Collective Community Action & Fundraising

The building for the Leather Archives & Museum (LA&M) is a former synagogue built in the 1950s. At over 70 years old, it has its wear and tear. The front doors were in dire straits, and LA&M needed to raise money fast or they would have to close for safety concerns. Within half a day, LA&M raised over $6,000 dollars from community members across the country, and a local bar and fetish shop matched the remaining $6,000 needed to refurbish the doors. Now LA&M is on its way to more developments, but it could not happen without a rallying community.

Gary Wasdin joined the Leather Archives & Museum in January 2018, bringing with him over thirty years of senior management experience in libraries, nonprofits and the corporate sector. He most recently worked as a Senior Consultant with DJA Consulting, partnering with academic and public libraries on issues such as strategic planning, organizational development and inclusion.

Gary’s work in libraries has focused on making collections and services more accessible. His professional work includes positions at New York Public Library, Omaha (NE) Public Library, King County (WA) Public Library, the University of Alabama, and Wesleyan University.

Gary has served as an adjunct faculty member in the library science programs at Southern Connecticut State University, St. John’s University and Pratt Institute. He holds an MLS and an MA in English from Southern CT State University, and a BA in theater from Augusta (GA) College.

Image used from The Leather Journal 

Digital Commonwealth Repository Systems Update by Eben English

The annual Repository Systems Update provides an overview of new collections and features added to DigitalCommonwealth.org over the past year. This talk will cover usage statistics and technology trends (and analyze what they mean for digital collection development efforts), as well as a review of the previous year's most popular content. It will also feature a behind-the-scenes look at the work of the Boston Public Library's Digital Services team, including major digitization projects and the ongoing development of the open-source digital asset management system supporting access and preservation of vital historical materials.

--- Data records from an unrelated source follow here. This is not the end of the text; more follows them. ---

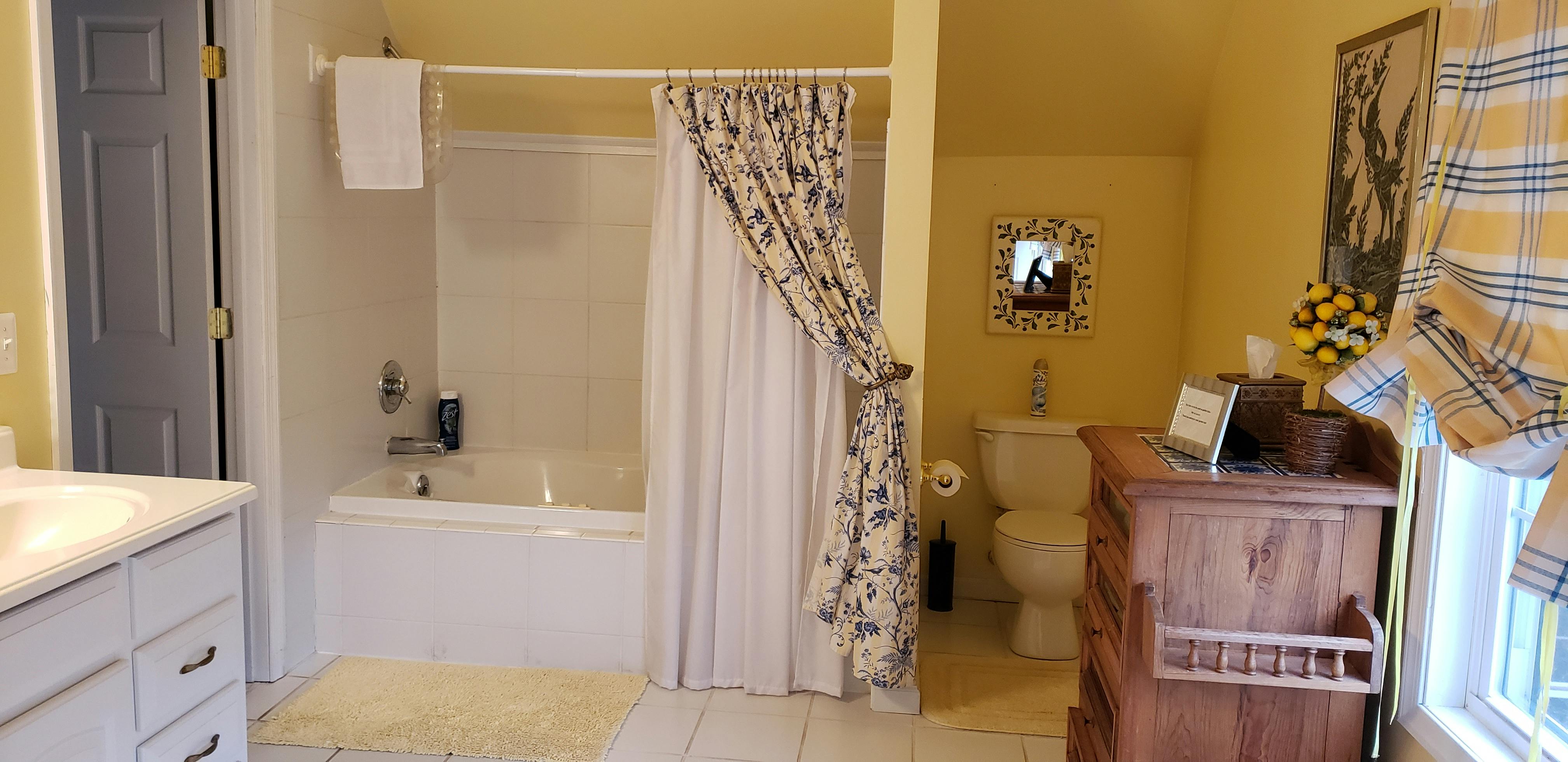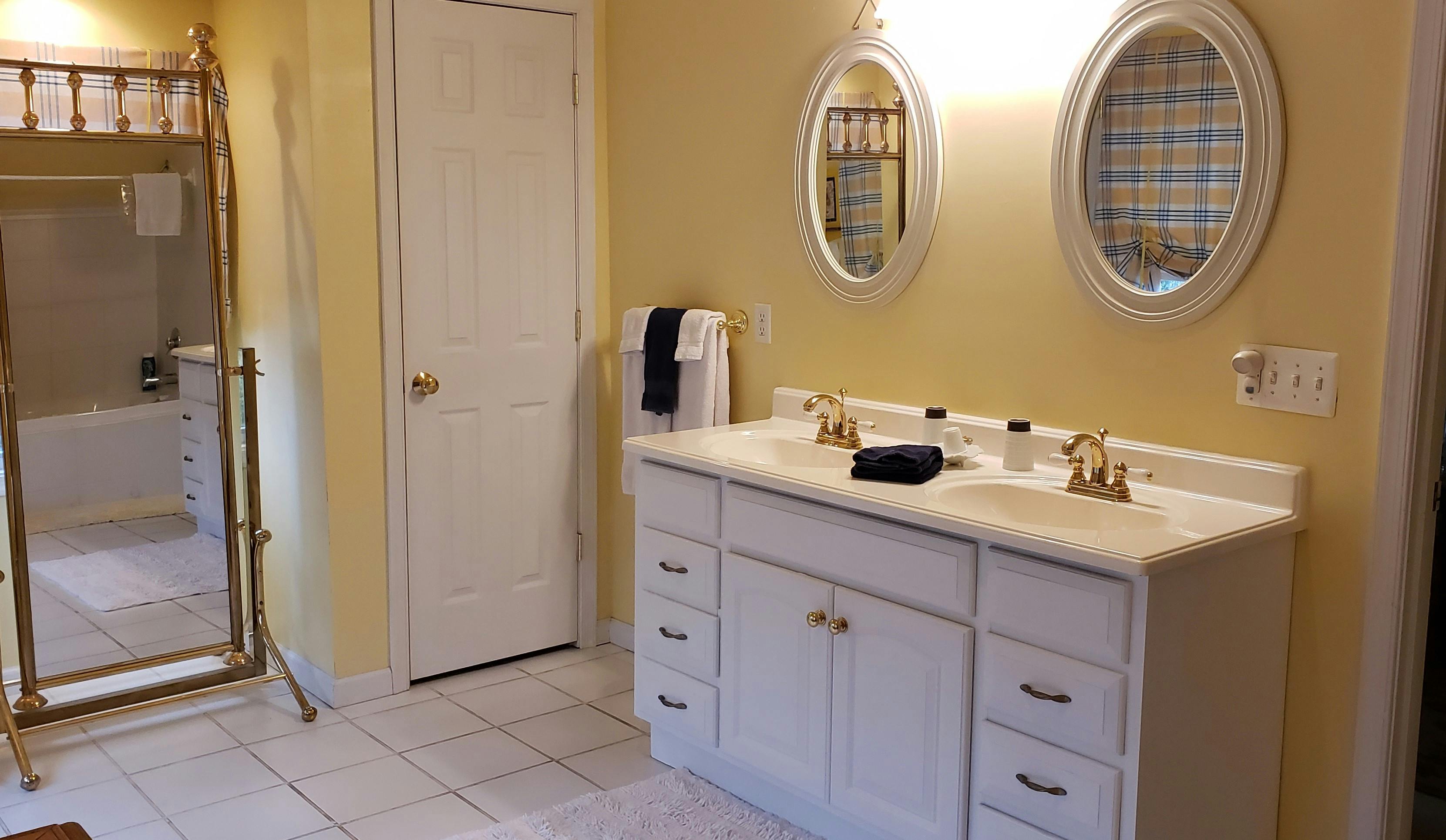A large 2 bed-room suite with a Queen master and Two-Full Size beds in the front room. A spacious double sink, double closet bathroom with tub shower. TVs in both rooms, Smart TV only in Master. Bathroom located in Master. Bright and spacious located on second floor with staircase required.
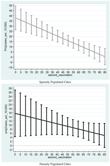 The outcomes show that for both city density types, the projected scope of morbidity drops with a higher level of vaccination. Yet, the pace of the decline is attenuated in densely populated cities. While the anticipated drop in sparsely populated cities is from 37.79 COVID-19 cases for zero percent of vaccination to 2.23 cases per 10,000 persons, the equivalent figures for densely populated cities are from 17.61 to 5.07 COVID-19 cases, respectively. The intersection point between the two lines is given at a vaccination rate of 70 percent, and the scope of morbidity at the intersection point is 6.69 cases per 10,000 persons. (This intersection point is calculated as follows: The estimated equation in Table 1 is: . Substitution of yields: (1) (the regression line for 46 densely populated cities). Substitution of gives: (2) (the regression line for 46 sparsely populated cities). Solving the system of Equations (1) and (2) yields (70.035, 6.6945)).
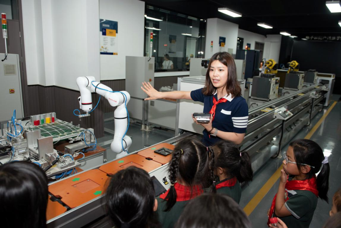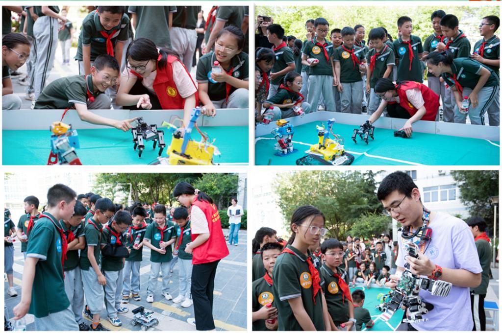 活动开始前,为了激发小学生们的热情,能源与智能工程学院在实验楼广场进行了多种类型机器人和无人机的展示。“作揖机器狗”“微型无人机”“机器蜘蛛”,各种造型新奇的机器人和无人机让小学生兴奋不已,深深地吸引了小学生们的目光。活动第一站,队员们走进能源与智能工程学院机器人实验室。李骞和彭勃两位老师带领队员们近距离观摩不同类型的机器人以及它们的特点和发展空间,并尝试用示教器操作工业机器人,感受现代智能技术魅力。活动第二站,小学生们在张存鹰和张一帆两位老师的讲解下,详细了解3D打印技术和工作原理,并使用3D打印笔进行样品制作。活动第三站,在朱坤华、岳春龙两位老师的引导下,队员们充分发挥想象力和执行力,动手使用开发板进行一些小实验,成为一名“小小工程师”。
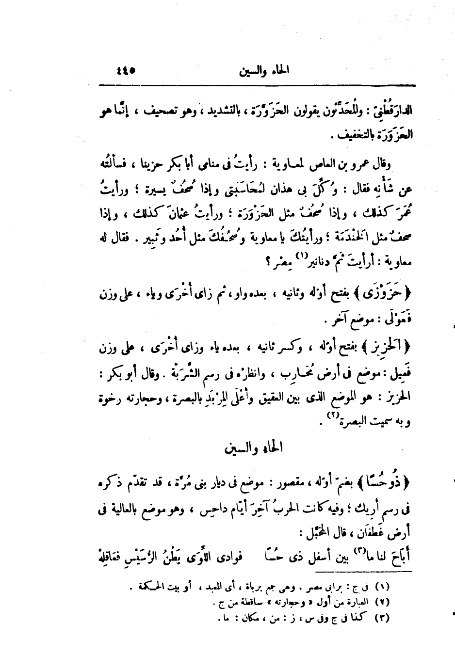 الدار قطنىّ: والمحدّثون يقولون الحزوّرة، بالتشديد، وهو تصحيف، إنّما هو الحزورة بالتخفيف.

Educational Fellow Presentation by Lara DeRose

Lara DeRose will be presenting on her fellowship experience with Digital Commonwealth. She will share ideas, techniques, and strategies to engage educators and to develop robust and relevant resources showcasing digitized primary sources.

Lara DeRose is currently in the final stages of her Fellowship with Digital Commonwealth. She has been an educator in Massachusetts public schools for the past twenty years. Her roles include history teacher, curriculum leader, technology trainer, and instructional coach. During her Fellowship she has worked to expand and enhance educator usage of Digital Commonwealth Collections.

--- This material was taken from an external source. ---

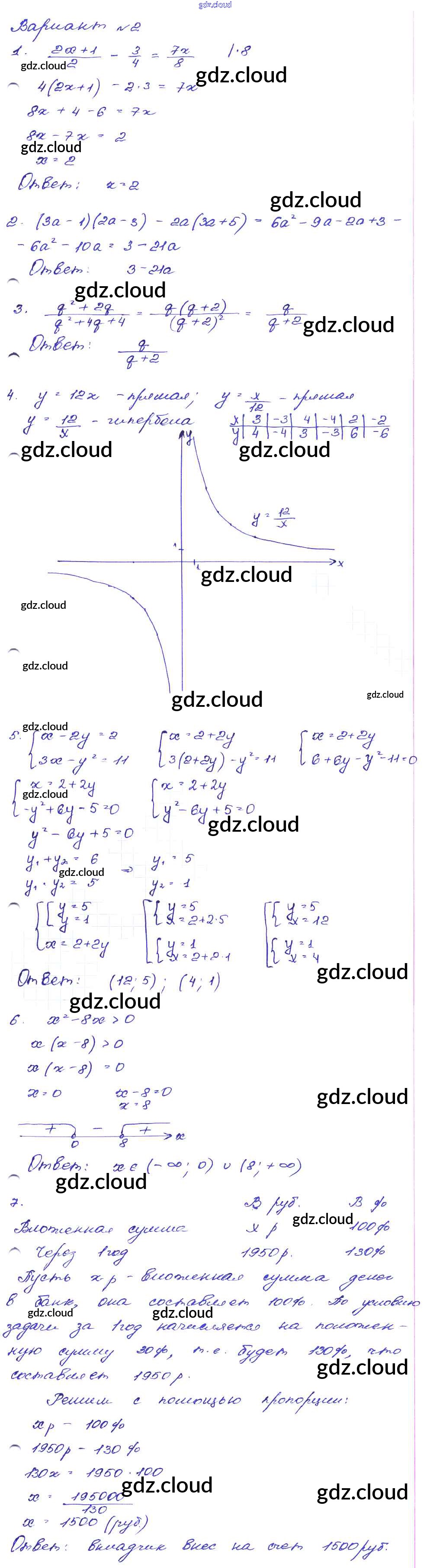 Ответ на задание Вариант-2 Сборник заданий Алгебра за 9 (девятый) класс Кузнецова, Бунимович, Пигарев, Суворова 2008
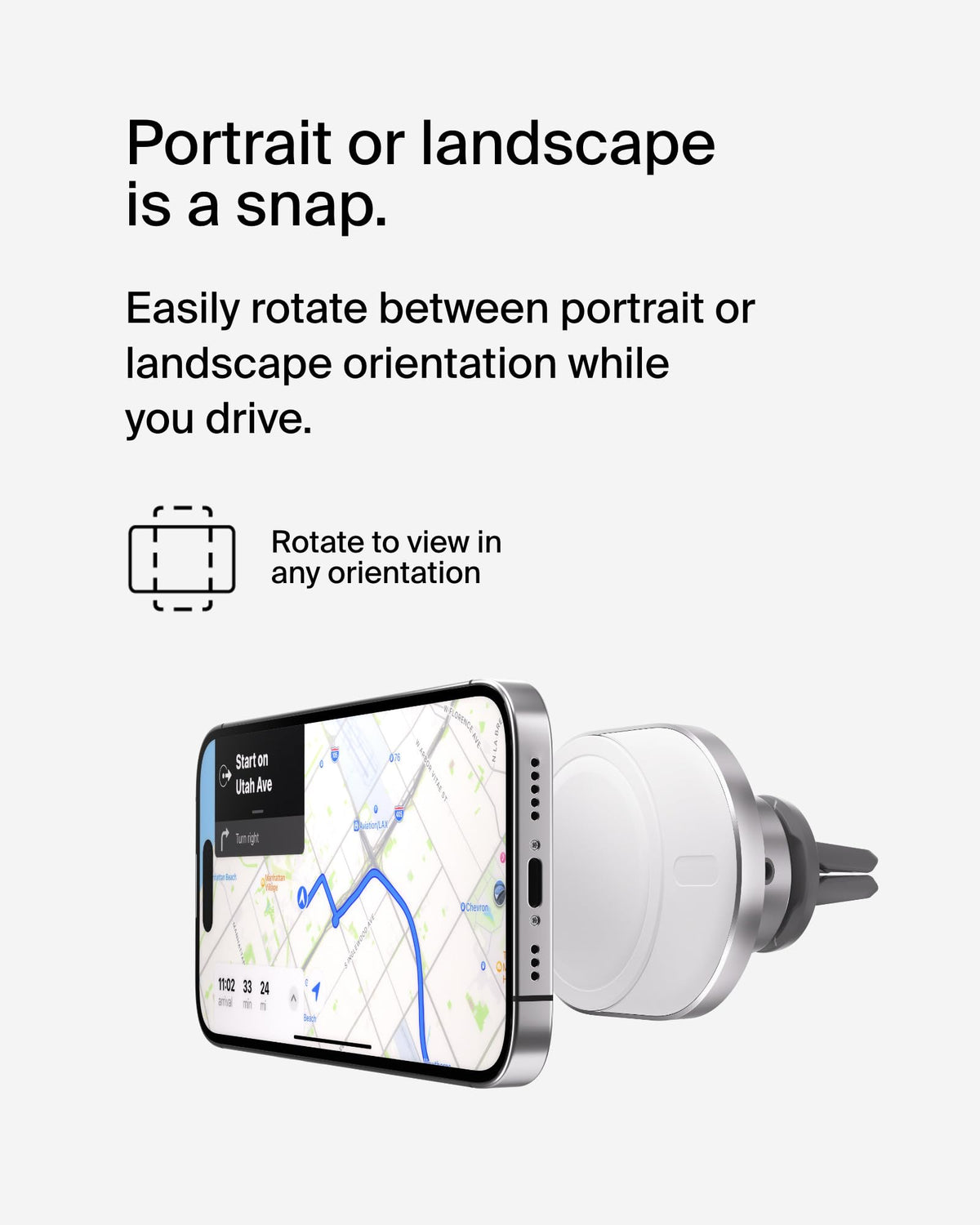 Belkin MagSafe Compatible Wireless Car Charger with 15W Fast Charging, Powerful Magnetic Vent Holder for iPhone 16, 15, 14, 13, and 12 Series, Secure Car Phone Mount White

Newspaper Digitization: It’s a Hot Topic. Who knew?

Newspaper digitization poses some big questions – from selecting what newspapers to scan to figuring out what standards to follow. And once they are digitized, how do I get them online and connect users to the content? Join our panel presentation including Kerry Huller (Library of Congress), Jake Sadow (Boston Public Library), Kelley Ewing (Library of Virginia), and Stewart Plein (West Virginia University Libraries) to hear how newspaper digitization has been tackled through federal and state partnerships, as well as local endeavors, and find out how we’ve targeted our outreach efforts. 

Kerry has been a Digital Conversion Specialist in the Serial and Government Publications Division at the Library of Congress since 2019, where she works on newspaper digitization projects for the National Digital Newspaper Program, as well as other in-house projects. She joined the Library in 2017 as a technician to assist with digitization projects in various divisions. Previously, Kerry worked on digital library projects at the National Agricultural Library and the University of Maryland, College Park. She holds a BFA in photography from Rochester Institute of Technology, and worked for several years as a newspaper photographer before making a career shift, and later obtaining a MLS at the University of Maryland, College Park.